My eyesight is good enough for average daily functions. I have a bad right eye (extremely bad). No diopter on any camera will ever compensate for it. My last visit(s) to the eye doctor consisted of 11 trips with a specialist brought in and with an end result of a pair of glasses that are so-so...not perfect. I very much depend on auto-focus. I did "sign-up" for the nifty-fifty traveling lens and will make the best of it should it make my way in the distant future. I def avoid manual focus lenses and had rid myself of them back in the early 90's with my purchase of my first auto-focus Pentax camera. Basically my right eye drifts in and out of focus and also is a "lazy" eye. It tends to drift away when not focusing on a specific subject, I wore an eye-patch (on my left good eye) as a child in attempt to correct it and force the lazy eye to look forward and focus and strengthening the muscles in that eye. I was informed that it was a great thing as my eye would be useless to this day if the patch wasnt worn back then. I can never get contacts because the focal center point with eye glasses forcing my right eye to look forward would be moot, allowing it to drift.
Hence my eyesight issues. :/
I never really attempted the catch in focus mode and never actually experimented with it as I guess I have become more dependent on AF. With auto-focus I have no issues and my photography has not suffered in any way, I do have a business partner/assistant and if I run into a tough situation..."hey, you do this one". No prob
~Dave

---------- Post added 03-15-14 at 04:24 AM ----------

QuoteOriginally posted by bassek Quote
Your Pentax lenses are all good, the Tokina should be a gem according to the reviews Tokina AT-X 828AF PRO 80-200mm F2.8 Lens Reviews - Tokina Lenses - Pentax Lens Review Database , so I would definitely keep those.

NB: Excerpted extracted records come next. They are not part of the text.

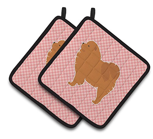 Caroline's Treasures Chow Checkerboard Pink Pair of Pot Holders BB3651PTHD, 7.5HX7.5W, Multicolor
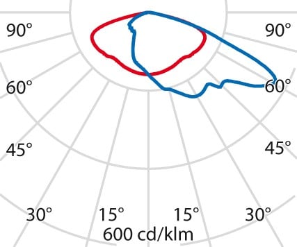faible éblouissement selon EN 12464-1 (UGR Inf. à 19):
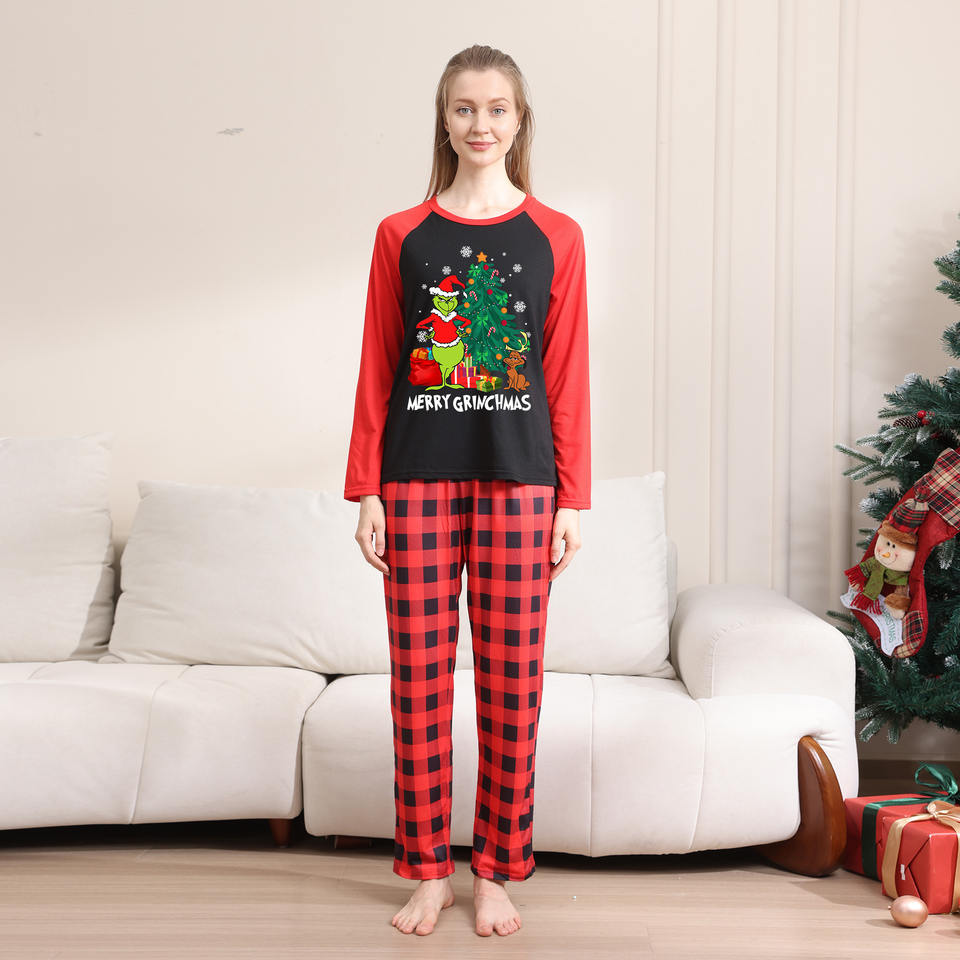 Women's Santa Claus Print Christmas Pajamas Set Red Plaid Long Sleeve Loungewear Outfit for Summer for Holiday Autumn Spring

I like my Sigmas, but they all have a shorter zoom range than yours, I would maybe keep the 17-70 and the 170-500, and one of the superzooms (18-200?) for travel reasons.

Seb
Hi Seb,
Yes. My thoughts are very similar. The Tokina ("Tank" at 3lbs) is a beast and I would never give that up, a beautiful, beautiful lens, the 17-70 I just recently acquired and love it, the 170-500 is my old glass and doesn't have that "punch" and clarity (with my k5 and k10) although I got some incredible shots a few years ago of Jupiter and its moons and Venus and also the Space Shuttle being piggy backed flying into NYC from Liberty State Park (NJ). The 18-200 and 175-500 I can't use professionally but like you said about the 18-200, for personal use it is very adequate. The focal range is just too great on the 18-200 to get a true professional image although it does have its magic spots that do work well. I actually put it on my k10 while doing a model shoot in NYC in 2012 for the hell of it and had some pretty damn good results. With controlled lighting (soft boxes/reflectors) I was able to get some outstanding shots shooting at 100th/sec at a mid-range f-stop in the 70-80mm range. I wouldn't recommend it for shooting models but it was an experiment for about 10 minutes at the time and it did quite well. Don't try this at home!
My Pentax lenses overall I am very happy with.
Being a new member to the forum, I was VERY surprised to find members preferring "light" lenses (as in weight). This I will never understand, although I do in a way understand it takes a load off hand-held photography but I have always found a heavier lens to be more stable especially shooting at lower shutter speeds. A heavier lens definitely provides more stability as its own weight acts as a center of gravity/stability point. Probably just me and my preference but i will take a 3lb Lens over a 1.5lb lens any day assuming they have the same qualities/features.